Basic Technique for Metal Ceramics
Author: MAKOTO YAMAMOTO
Publisher: Ikko Sasaki
Editor: Lily T. Garcia
Published by Quintessence Publishing Co., Ltd.
Hirose Ochanomizu Bldg. 4F
2-1 Kanda Surugadai Chiyoda-ku, Tokyo
Telephone: (03)3292-3691
© 1990 Quintessence Publishing Co., Ltd.
No part of this book may be reproduced by any means or in any form without the written permission of the publisher.
E-ISBN: 978-1-64724-199-5
Preface
Almost three decades have passed since the porcelain-fused-to-metal restoration was introduced into dental treatment. Exclusive machines and materials for this type of fixed prosthodontics have been developed and it seems that this prosthetic option is firmly established in daily clinical treatment.
However, as patients’ demands for esthetics increase, the limits of this prosthetic treatment are more pronounced especially due to difficulties in reproducing an esthetic restoration.
Castable-ceramics, all ceramics crown, or metal-foil-fused-to-porcelain have been introduced to solve the esthetic reproduction difficulties of porcelain-fused-to-metal restorations.

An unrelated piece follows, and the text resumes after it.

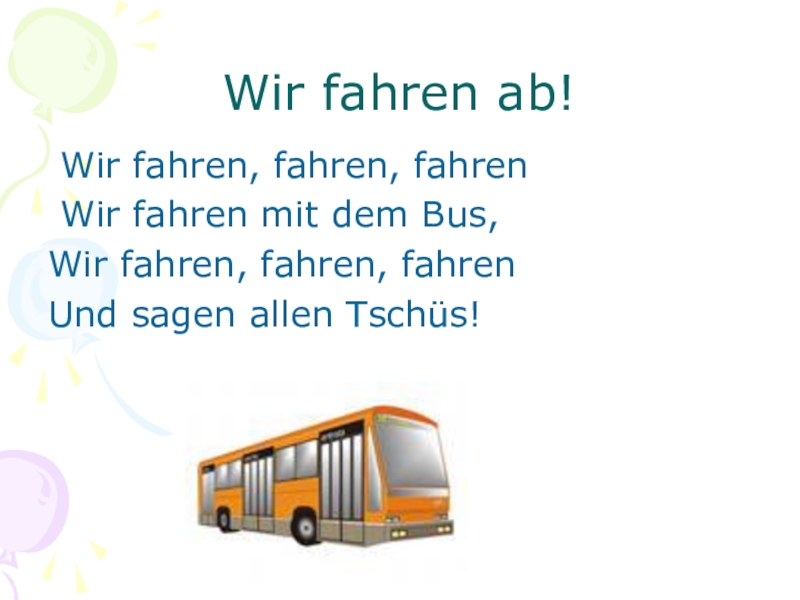 Wir fahren ab! Wir fahren, fahren, fahren Wir fahren mit dem Bus,Wir fahren, fahren, fahrenUnd sagen allen

Since this restoration also has a strength problem, the clinical application range is limited according to the patient’s occlusal relationship and the application of fixed bridgework is extremely difficult. Other problems such as too much reduction of the abutment, full-shoulder preparation, and complex impressions lead us to depend on porcelain-fused-to-metal restorations clinically in spite of esthetic problems. It means we are required to improve esthetics and this requirement will be solved through advancements.

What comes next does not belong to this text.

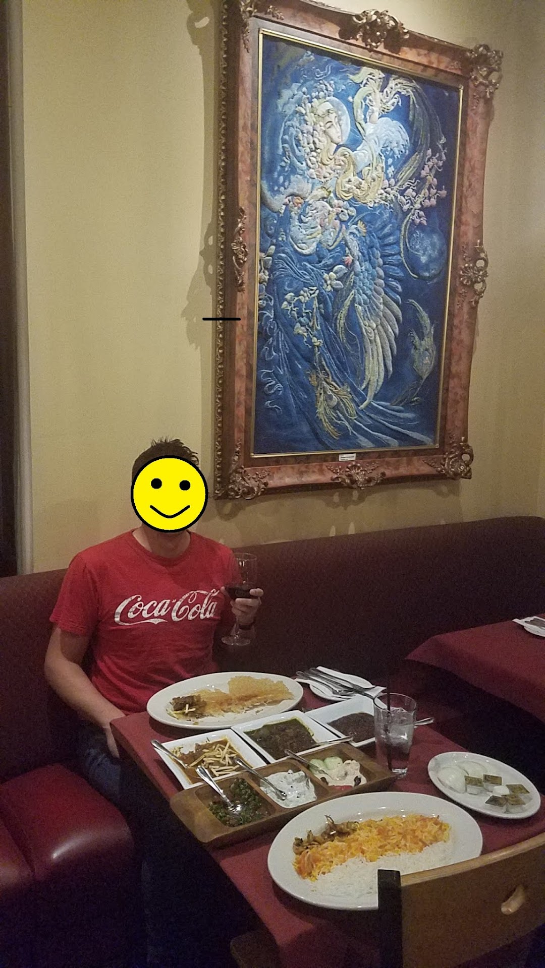 Read morePerfect place for a date night. Romantic atmosphere. Been here twice so far and can't wait to come back. The first time I had Hummus and Maust' Khiar (yogurt) and pita to start. Very creamy and delicious. For dinner I had the Beef & Chicken shish combo plate. The meat was juicym tender and the veggies were crisp. Also a side of special rice the Zereshk Polo, with nuts and berries mixed. The rice is not dry so I like that. Very delicious. For dessert I had the Persian ice cream, that has wonderful pistachio and rose flavor unlike any ice cream. The next time, I tried this wine that was made from pomegranate. It was not too sweet and much better than plum wine. Never had anything like that before. I also had the requisite pita and hummus. I love shish, but I was encouraged to try the stews. They had interesting flavors unlike other stews. I also tried the Oyster Mushrooms that taste really good in their marinated sauce. They go great over rice. For dessert I had the baklava. It was very nutty and sweet. The staff are very friendly and helpful with recommendations. They even explained the meaning and history behind the lovely art on the walls. Everything is good here, lots of unique flavors and large portions. I think this is the best...

Under these circumstances, I was asked to extract some parts from the Metal-Ceramics and make a 100 page textbook for porcelain building. Frankly, I could not agree with this proposal because I think at least the whole grasp of Metal-Ceramics is necessary to gain knowledge and understand techniques for esthetic porcelain-fused-to-metal restorations. Furthermore, five years have passed since Metal-Ceramics was released and new materials, techniques, and theories have been introduced after the publication. Even thorough reading of Metal-Ceramics cannot cover up-to-date knowledge and techniques of porcelain-fused-to-metal restorations. Since publishing an abstract of a textbook is against my policy, I must remind the reader that this text is intended only as an introduction to porcelain building techniques for porcelain-fused-to-metal restorations. And as I mentioned above, new materials and theories have appeared after publication of Metal-Ceramics while changes and developments have occurred. I conclude that the porcelain building technique is constantly developed and upgraded daily according to advanced esthetic demands of patients.

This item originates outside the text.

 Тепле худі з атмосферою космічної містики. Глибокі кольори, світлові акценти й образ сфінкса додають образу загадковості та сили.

Although it is impossible to cover all these techniques in this text, it is true that these high-level techniques consist of a combination of basic techniques. Only those basic techniques excerpted from Metal-Ceramics are classified and edited with supplements. As a result, the necessary detailed theories and materials for porcelain-fused-to-metal are omitted in this book. I recommend Metal-Ceramics or the prospective Metal-Ceramics, Part II, when the reader needs exhaustive study according to their own experience and proficiency in techniques.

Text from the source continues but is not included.